Diarrhea or Loose Stools: There could be a number of causes for this in dogs. It's important to remember that just because you can remedy the symptoms doesn't mean that the underlying cause of the problem is cured. If you're dog has worms, you can help with the liquid shit that comes out, but you're just going to extend the issue if you don't treat the worms. They have a short digestive tract, which usually deters certain bacteria that could easily squat in our guts from setting up camp in theirs. That said, shit happens. 

One of the most effective, and cheapest remedies I have used for this is a teaspoon of cinnamon cooked into one cup of rice. There's a myth that dogs never ate grains in the wild. It certainly may be true that they didn't eat sticky rice, but they did eat animals that ate grains, and they're carrion eaters, they ate the grains and vegetable when they ate the guts. Either way, this is a simple thing to prepare, easy to find and afford. If you can't make rice, buy some, and stir the cinnamon in, although I'd use less, like 3/4 of a teaspoon if you're not cooking it. You should notice results in less than a day. 
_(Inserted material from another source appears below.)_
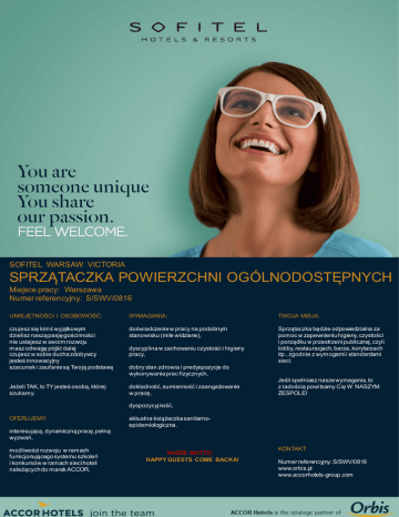 SOFITEL WARSAW VICTORIA SPRZĄTACZKA POWIERZCHNI OGÓLNODOSTĘPNYCH Miejsce pracy: Warszawa Numer referencyjny: S/SWV/0816 UMIEJĘTNOŚCI I OSOBOWOŚĆ: WYMAGANIA: TWOJA MISJA: czujesz się kimś wyjątkowym dzielisz naszą pasję gościnności nie ustajesz w swoim rozwoju masz odwagę pójść dalej czujesz w sobie ducha zdobywcy jesteś innowacyjny szacunek i zaufanie są Twoją podstawą doświadczenie w pracy na podobnym stanowisku (mile widziane), Sprzątaczka będzie odpowiedzialna za pomoc w zapewnieniu higieny, czystości i porządku w przestrzeni publicznej, czyli lobby, restauracjach, barze, korytarzach itp., zgodnie z wymogami i standardami sieci. Jeżeli TAK, to TY jesteś osobą, której szukamy. dokładność, sumienność i zaangażowanie w pracę, dyscyplina w zachowaniu czystości i higieny pracy, dobry stan zdrowia i predyspozycje do wykonywania prac fizycznych, Jeśli spełniasz nasze wymagania, to z radością powitsamy Cię W NASZYM ZESPOLE! dyspozycyjność, OFERUJEMY: aktualna książeczka sanitarnoepidemiologiczna. interesującą, dynamiczną pracę, pełną wyzwań, możliwości rozwoju w ramach funkcjonującego systemu szkoleń i konkursów w ramach sieci hoteli należących do marek ACCOR. NASZE MOTTO: HAPPY GUESTS COME BACKA! KONTAKT: Numer referencyjny: S/SWV/0816 www.orbis.pl www.accorhotels-group.com

Keep an eye on the excrement, and keep this in the diet for at least two days. I've used blackberry leaves as well, as a tea to cook the rice, but it's more astringent than cinnamon and I wouldn't use unless the cinnamon doesn't work. If you're dog isn't interested, try throwing some meat into the water as the rice cooks, or putting some oil and a small pinch of salt into it. Oatmeal works well instead of rice.


----------



## Ravie (Dec 16, 2008)

just plain rice seems to work. we have five dogs. mix a spoon full of rice with their dry dog food every night.


----------



## Angela (Jan 29, 2009)

dVEC said:


> Best animal health tip I know is pumpkin seeds for intestinal worms.
> 
> Just grind up some raw pumpkin seeds (available and cheap at health food stores in the bulk section), mix 50/50 or so with some food they like (wet food, peanut butter, etc.) and feed them ONLY THAT for 48 hours or so. The pumpkin seeds paralyze the worms and they get shat right out. Be ready for them coming out, though - it's a hell of a sight.
> 
> Works for people, too.



I hadn't heard of that before but I'm definitely gonna remember that and give it a try sometime.


----------



## KEVIlgeNius (Mar 7, 2009)

It definetly all starts with the diet. Make sure your walking dog has a high protein diet with little or no "broken grains". whole rice is fine, preferably brown, but things like corn meal and ground barley are not good for dogs. Sure they did eat grain eaters, but only 10% of energy is transfered from the grains the deer ate to the wolf that ate the deer. 
If you're using worm medication make sure it also protects against tapeworms, there are two kinds in the pet trade ones that do and ones that don't. Keep a bottle of fish oil and throw some on their food once a day, this helps to create the kind of enzymes that directly benefit skin and fur.
Dogs do live in a "pack oriented" mindset, whether it be with humans or dogs. So the healthiest thing you can do for your dog is obedience train. tricks like roll-over and high five are fun but hold no value when your dog charges at a stranger. If i would recommend one book on dogs it's "How to be your Dog's Best Friend" by the monks of New Skete. They have been training german sheperds for hundred of years. It contains great insite on how your dog views you. We often personify dogs and as if they think , though limited in grammar, similar thoughts to humans like "Do you have food for me mom?" when really its more like "food?food? outside? run?" so learn to recognize you dogs metal status. remember that if you died in the woods your dog would just walk off into the trees in search of a new pack, be it with other wild dogs or humans.
When it comes down to it, your dog looks to you for everything. And most of the time you can tell what someone's homelife is like just by hanging out with their dog. My favourtie one is the "Child-Protector". When a dog becomes over protective of children. This usually stems from that "pack" mentality, there are certain jobs in the house and they all need doing. If a dog senses that you are not doing your job as a parent, or a poor job at it, they will take over the responsibility. As long as your dog knows you have control over ever situation, and respects you for it, you should have a happy life together.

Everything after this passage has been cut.